Perhaps this is one of those topics which has been touched, revised many a times by some of our industry experts like Duncan Epping, Scott Lowe etc. First let me revisit those articles which has already been written by them.
- vSphere 5.0 HA and Metro / Stretched Cluster Solutions
- Some questions about stretched clusters with regards to power outage
- Distance vMotion = Stretched Cluster ?
Now once you read this articles (if not already), you may ask me, what is the new in my article. Well, a valid question and I did not want to reinvent the same wheel. So, I took a conscious step in touching this topic.

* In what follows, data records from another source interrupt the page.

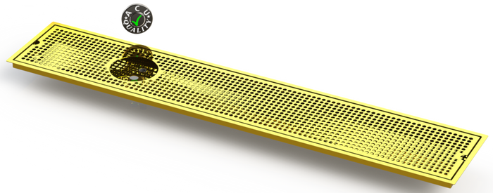 The Flush Mount with left drain and rinser hole style drip tray is designed to mount flush to any surface with a relieved opening. Flush Mounts are made of 18 gauge brass in #8 Mirror finish. The corners and seams are welded and ground to either a brushed or polished high finish. All exposed edges are deburred smooth for safety and appearances. Each tray is available with a standard 18 gauge perforated screen. Drains are 1 1/2" long, 1/2" NPT Pipe Thread. This Flush Mount also has an angled bottom for drainage.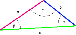 Figure A1 illustrates a general triangle. The three sides are labeled a, b, c, and the three angles are labeled α, β, γ.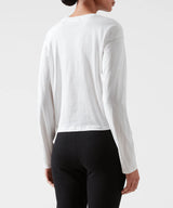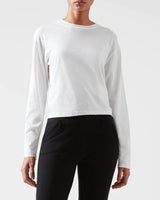 The Classic Jersey Long Sleeve Boy Tee is done in a luxe cotton jersey. It combines the weight and shape of a men's tee with the fit of a women's piece. It features a slightly cropped, boxy shape with longer and wider cut sleeves. The classic piece is updated with a black and white stripe print and white contrast collar.
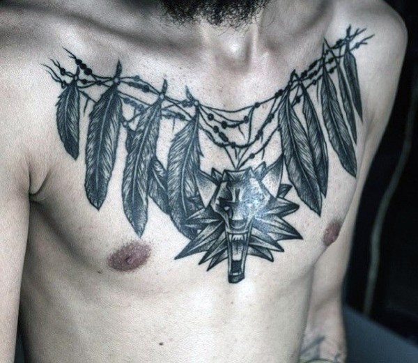 胸部恐怖的黑色神秘羽毛项链纹身图案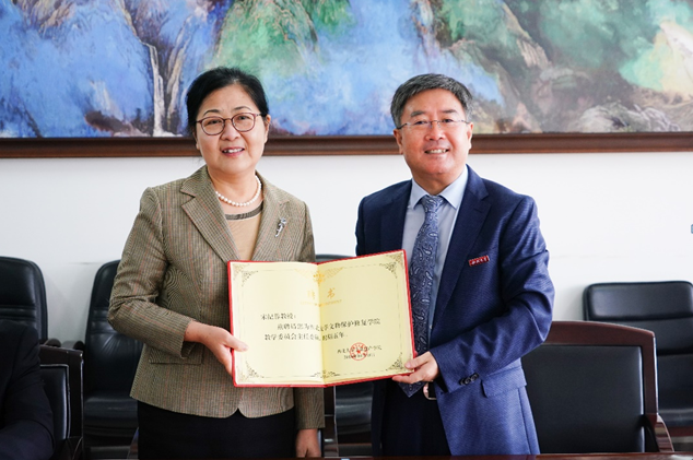 第二项,举行西北大学文物保护修复学院教学委员会主任委员聘任仪式。由西北大学校长郭立宏为宋纪蓉教授颁发聘任证书。
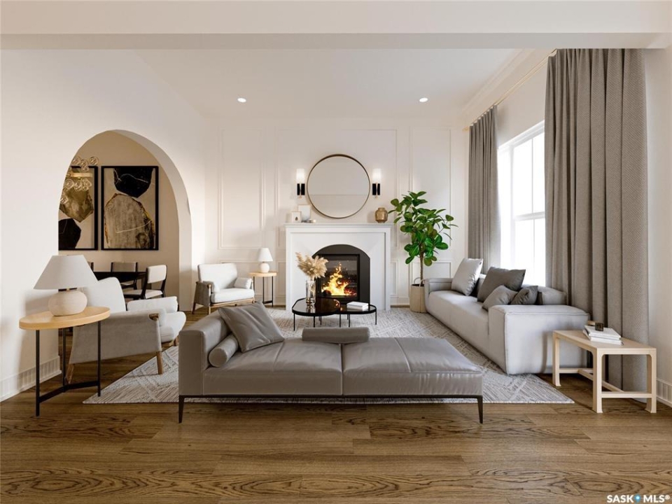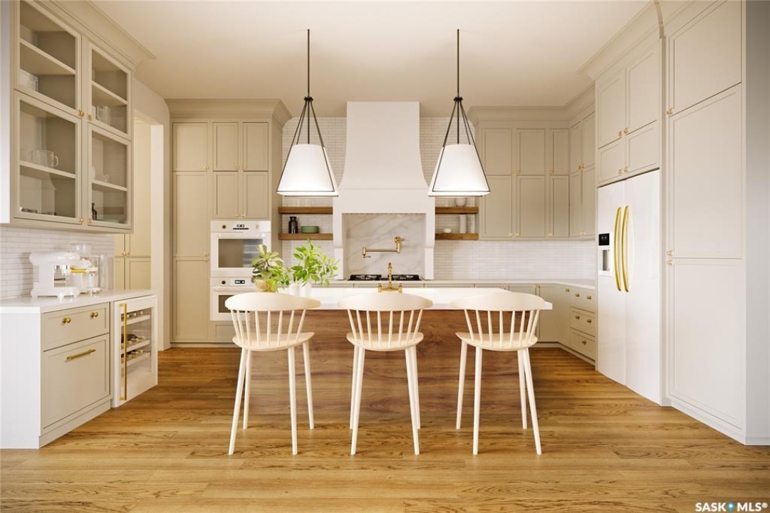 Nestled on a beautifully treed lot surrounded by natural reserve at Applewood Estates, just 4 minutes from the City's edge, this traditionally-styled 2-storey is both classy and functional at the same time. This home was designed to have a spot for everything – you will find built-in cabinetry in almost every room, alongside large windows that maximize natural light throughout the home. Upon entering the house you will be met with a jaw-dropping curved staircase and a foyer to the left that was designed as a spot for guests to take off their jackets and use the conveniently situated powder room. The kitchen is one-of-a-kind with floor-to-ceiling cabinets and Cafe White Kitchen Aid appliances to accent the cream cabinetry. The mudroom/pantry combo is the perfect blend of function for both everyday jackets and shoes as well as large appliances and closed storage that you want to be kept out of sight! The living room has incredible windows and views into the backyard as well as wainscoting, a gas fireplace, and an arched entrance into the dining room. No detail was missed when designing these spaces for everyday living as well as entertaining! Heading upstairs you'll be amazed by the 20ft tall wainscotting wall leading to the second floor as well as the open-to-below view you have of the main floor. The primary bedroom is a retreat like none other featuring a see-through gas fireplace into the ensuite. The 12.5ft vanity has plenty of room to store all your items and leads directly into your walk-in closet complete with custom cabinetry and even an island! On this floor, you will also find the laundry room, two additional bedrooms and a main bath complete with a tiled tub and unique floor tile. The basement is ready for development and already designed. Down here you will find space for a bonus room, dry bar, guest bedroom, 4-piece bathroom and large gym! Call you agent for more details about this amazing one-of-a-kind boutique home.

In this article I am only going to touch about the considerations as solutions are already available and well explained by our industry experts.
Stretched Cluster Considerations:
- For compute you need to have Hypervisor at both the locations and need to have sufficient capacity there to hosts the migrated or restarted (vSphere HA) virtual machines.
- You should have a mirrored storage. But hey do you know what other storage considerations are there for stretched clusters?
- You should have Layer 2 adjacency for Network and need to consider bandwidth and latency. Do you know how much latency is supported for distance vMotion?
Now let me show you a simple diagram of stretched cluster.
For stretched clusters, you should have mirrored storage at both sites, and that storage must be completely synchronized before a VM can be migrated from one location to another. Whether the synchronization is going to be synchronous or asynchronous, that is a separate business decision and SLA is the business driver for that.
If you are mirroring data synchronously, there should be no issue with the data being synchronized, assuming there is sufficient bandwidth and minimal latency. If you are mirroring asynchronously, any outstanding writes must be completed before the VM can be moved.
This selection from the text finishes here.